Building Wonders Without Blueprints - How AI Learned to “Understand” Language

08 May 2025 | Four-minute read


Note: This blog post was adapted from a Toastmasters speech I gave, with the help of AI to format and refine the text.

Have you ever marveled at the ancient wonders of the world and realized they were built long before we had modern science—even before formal mathematics or physics existed? Throughout history, humanity has a long and impressive track record of building things before we fully understood the principles that made them work.

You might think that our modern, science-driven era is different. But surprisingly, we are still building powerful technologies that we don’t completely understand. One of the most fascinating examples today is Artificial Intelligence—especially generative AI like ChatGPT.

If you haven’t used it before, ChatGPT is a tool where you can make a request like, “I’m going to Croatia for two weeks. I enjoy outdoor activities and prefer traveling by bus. Can you create an itinerary for me?”

The AI might suggest a route that includes the city of Dubrovnik. You could then reply, “That sounds great, but can you create an itinerary that avoids Dubrovnik? It’s a bit too touristy for me.” The AI can take that new information and instantly update the plan.

This seamless interaction begs a fascinating question: Does the AI actually understand the words you’re using? And if so, how? Let’s explore the magic behind the machine.

At Its Heart, AI is a Prediction Engine

So, how does it all work? At its core, a large language model is a highly advanced word prediction machine. We give the AI a sequence of words and simply ask it to predict the most likely next word. We then add that predicted word to the sequence and ask it again, “What comes next?” We repeat this process, one word at a time, until it has generated a complete and satisfying response, like your Croatian travel itinerary.

From the outside, we see coherent sentences and ideas. But inside the computer, the currency isn’t words; it’s numbers. To make this work, we need a way to translate between the world of human language and the world of computer mathematics. This translation process is called creating an embedding. (That’s the only truly technical term we’ll need).

Think of an embedding as a unique recipe for each word, made up of numerical ingredients. For the word “queen,” the recipe might include a pinch of ‘royalty,’ a dash of ‘femininity,’ and a spoonful of ‘power.’ It’s these complex numerical recipes that allow the AI to compare words and make sophisticated predictions.

From Simple Numbers to Complex Meanings

Let’s start with a very basic embedding. Imagine a tiny language with just five words: king, queen, man, woman, is. We could create a simple translation:

Using this system, the sentence “Queen is woman” would become the numerical sequence 2 5 4. An AI could work with this, but it’s far too simple to capture the rich complexity of language. Words can be synonyms, have different forms (like conjugated verbs or plurals), and share abstract relationships (like ‘cup’ and ‘coffee’). Our simple embedding doesn’t understand any of that.

To do better, we need to assign more than one number to each word. Imagine every word has a “fingerprint”—not a single number, but a long list of numbers that describes what words it typically associates with. By analyzing vast amounts of text from Wikipedia, books, and the internet, we can calculate the frequency with which words appear together. For example, ‘coffee’ is often seen near ‘cup,’ ‘mug,’ or ‘morning.’

Even this method has flaws. The word ‘queen’ might never appear with ‘aardvark,’ yet this non-relationship would still be recorded. Much of the data is not very useful.

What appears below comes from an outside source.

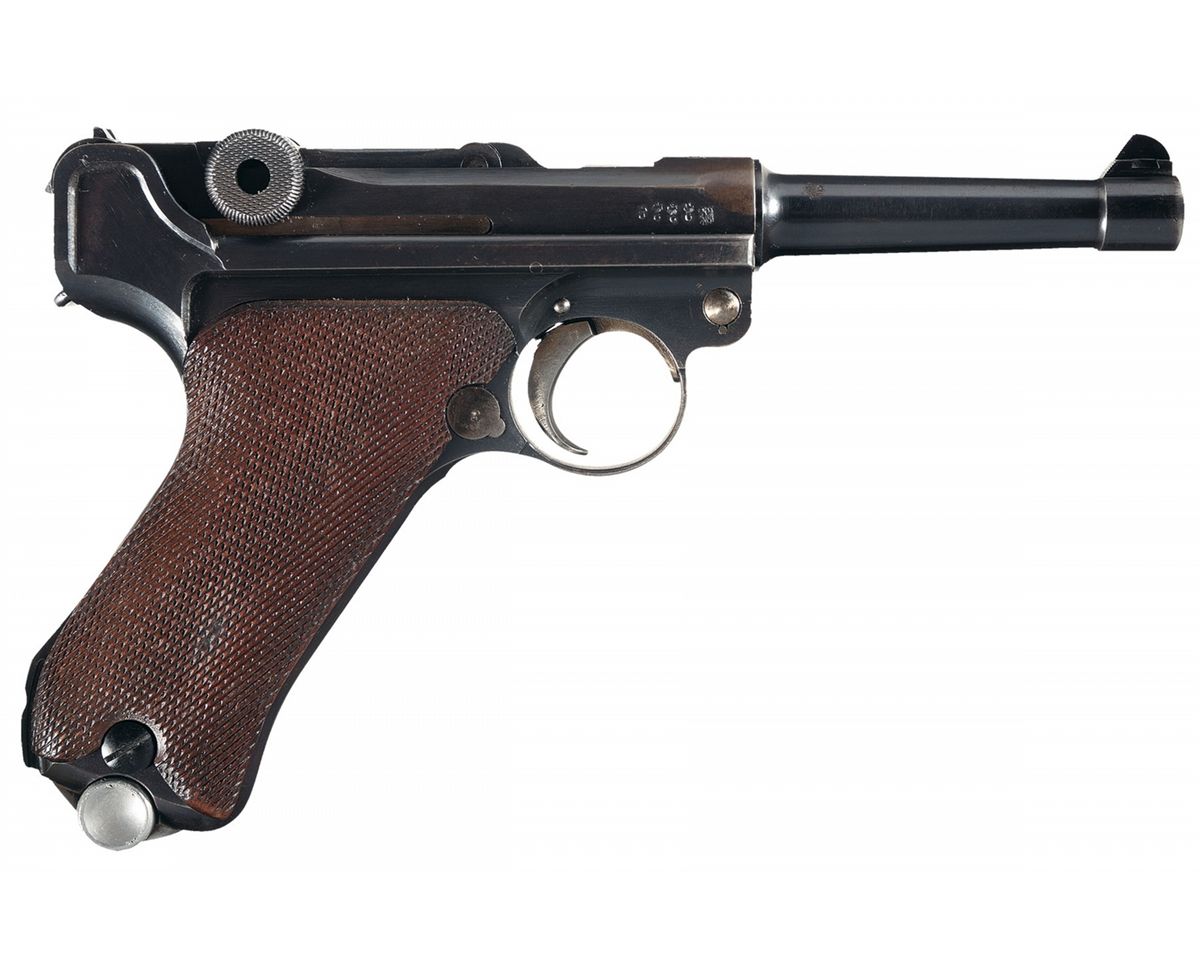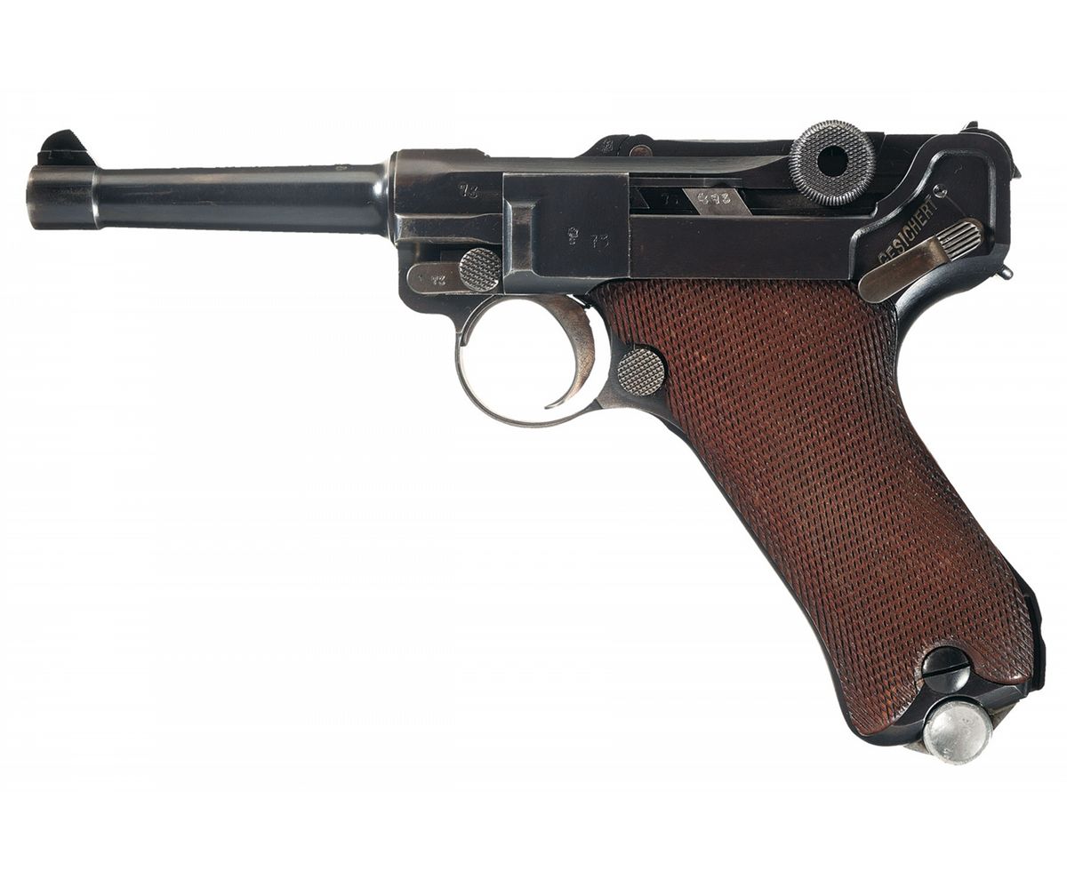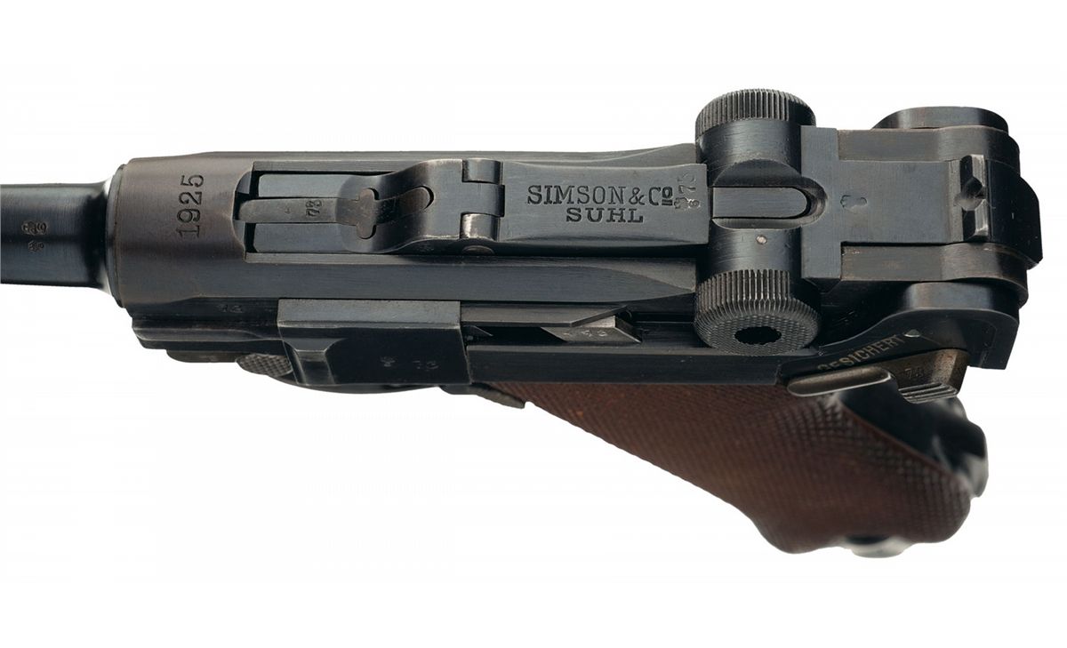 This is an extremely rare and excellent example of a Weimar era 1925 dated Simson & Co. Suhl Luger pistol, serial number "73". They were issued to both the Weimar Military and Police units up through the late 1920s before Hitler came into power and abolished/closed the Simson Company. The top of the chamber is dated 1925 and the front toggle is marked: "SIMSON & Co./SUHL". The right side of the barrel extension has several small "Eagle 6" acceptance/firing proofs along with the small Weimar Eagle acceptance proof. It has the military style serial number placement with the full serial number on the major components with the last two digits on the small parts with the "Eagle/6" Simson acceptance proof on many if not all of the small parts. It has the standard "GESICHERT" and "GELADEN" safety and extractor markings. It is fitted with standard checkered walnut grips. It is also complete with a renumbered matching magazine that has the nickel plated magazine body with the aluminum base marked "73", an original early Police style Luger holster that is marked on the front: "Early Weimar Eagle/WaA78" over "C. Pose A.G./Berlin/1926". This holster is the scarce pattern that has the additional flap over the takedown tool pouch and slot for the small pin-punch.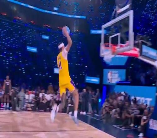 首輪布萊恩特率先登場,第一扣是360度大風(fēng)車,得到45.6分。理查德森隨后登場,自己將球拋出,跟上接球拉桿背扣,拿到45.4分。

This is where researchers developed even smarter methods. A groundbreaking technique called Word2Vec starts by giving each word a random list of numbers. Then, it reads through billions of sentences and constantly “nudges” the numbers. When words that often appear together (like ‘queen’ and ‘royal’) are seen, their number lists are nudged to become more similar. After millions of these adjustments, words with similar meanings naturally end up with similar numerical fingerprints.

The Magic of Word Math

In the end, each word is represented by a complex set of numbers. What do these individual numbers mean? We honestly don’t know. They might represent concepts like royalty, gender, plurality, or abstract ideas we don’t even have names for.

But we know they mean something, because they allow for a kind of linguistic algebra. In a now-famous example, if you take the numbers for ‘king,’ subtract the numbers for ‘man,’ and add the numbers for ‘woman,’ the resulting set of numbers is incredibly close to the numbers for ‘queen.’

king − man + woman ≈ queen

Right there, in that simple mathematical puzzle, lies the wonder of human progress. Just like the ancient builders who raised monuments before they fully understood physics, we have built something extraordinary with AI before we fully understand how it works. It took creativity, curiosity, and courage to build this modern wonder.

And perhaps that’s how true progress always begins: not with the certainty of a blueprint, but with the power of imagination.